DATA SEGMENT
-=-=-=-=-

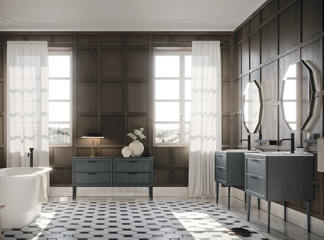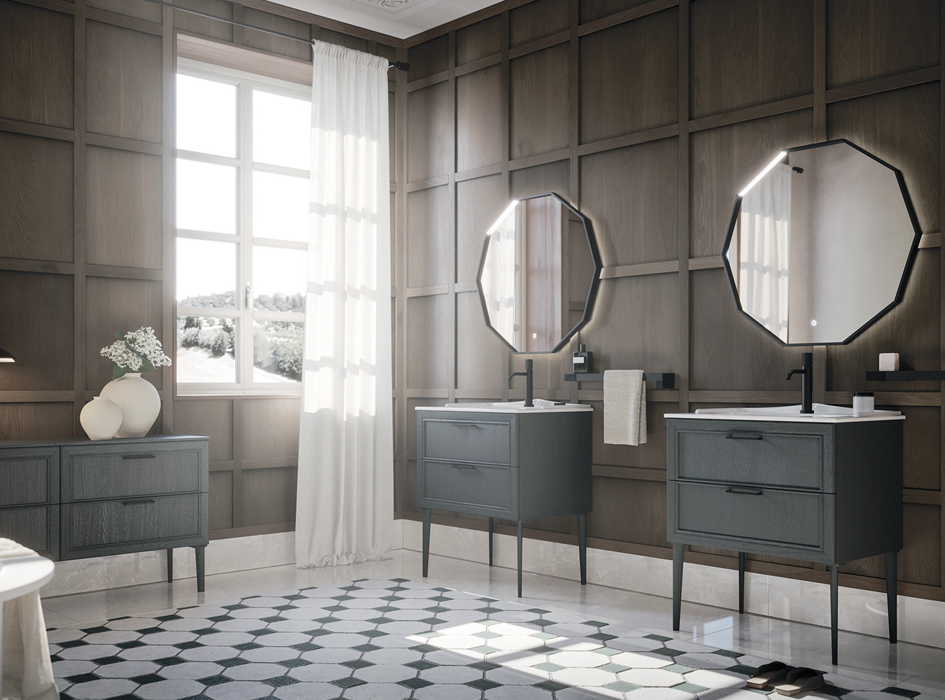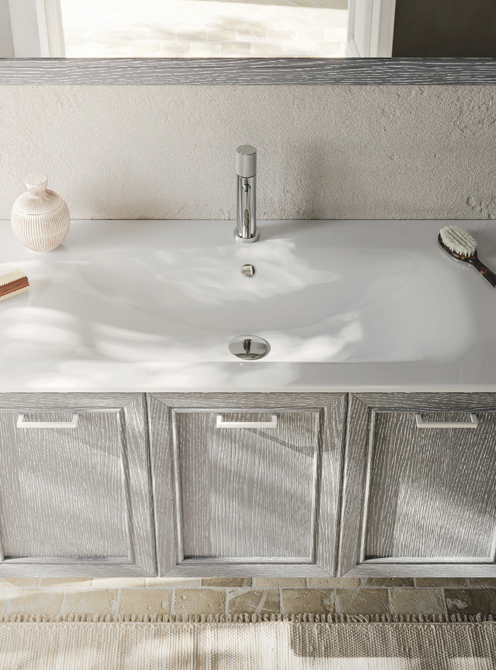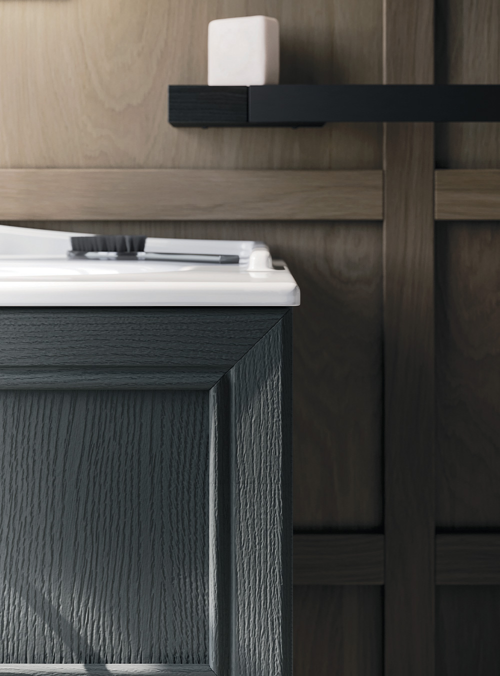 La tradizione anta a telaio in legno massello, protagonista di memorie famigliari, situazioni intime e accoglienti, emozioni calde e naturali, viene interpretata alla luce di moderna sensibilità e versatilità compositiva. Dalle forme più lineari a quelle più raffinate, con volumi sospesi oppure su gambe o piedini, in una gamma estremamente ampia di colori e finiture per il rovere: l’essenza dell’eleganza.
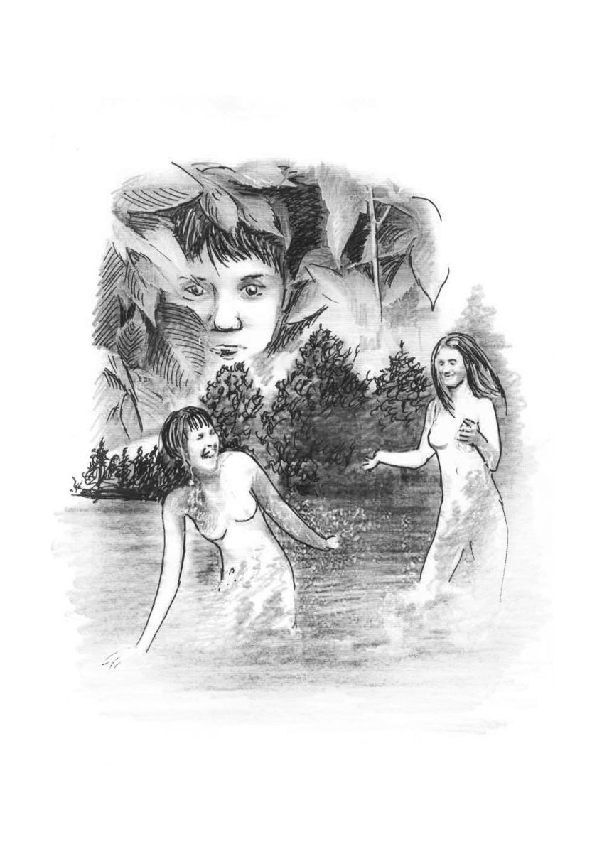 Олеся согласилась; они быстро скинули с себя платья и трусики, нагишом с визгами бросились в воду и начали там весело бултыхаться. Потом выбрались на берег и стали обсыхать на жарком солнышке.
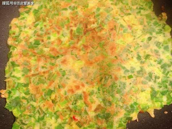3、起锅烧油,舀入1勺糊糊,开始烙,烙至两面金黄,熟透后,盛出,再舀1勺下去烙,直至全部烙完,完成。
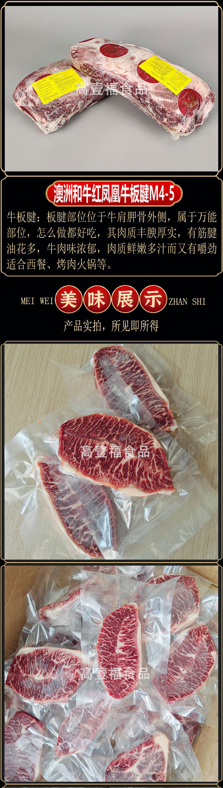 广州市高壹福食品有限公司发布的澳洲和牛红凤凰203厂牛板腱M4-5谷饲雪花原切牛排整块整切牡蛎肉图集库

-=-=-=-=-

WORK TASK
Each line from the one containing "Олеся согласилась; они" through the end of the listing is to be set down exactly, with all pictures left out.

REPLY
 Олеся согласилась; они быстро скинули с себя платья и трусики, нагишом с визгами бросились в воду и начали там весело бултыхаться. Потом выбрались на берег и стали обсыхать на жарком солнышке.
3、起锅烧油,舀入1勺糊糊,开始烙,烙至两面金黄,熟透后,盛出,再舀1勺下去烙,直至全部烙完,完成。
 广州市高壹福食品有限公司发布的澳洲和牛红凤凰203厂牛板腱M4-5谷饲雪花原切牛排整块整切牡蛎肉图集库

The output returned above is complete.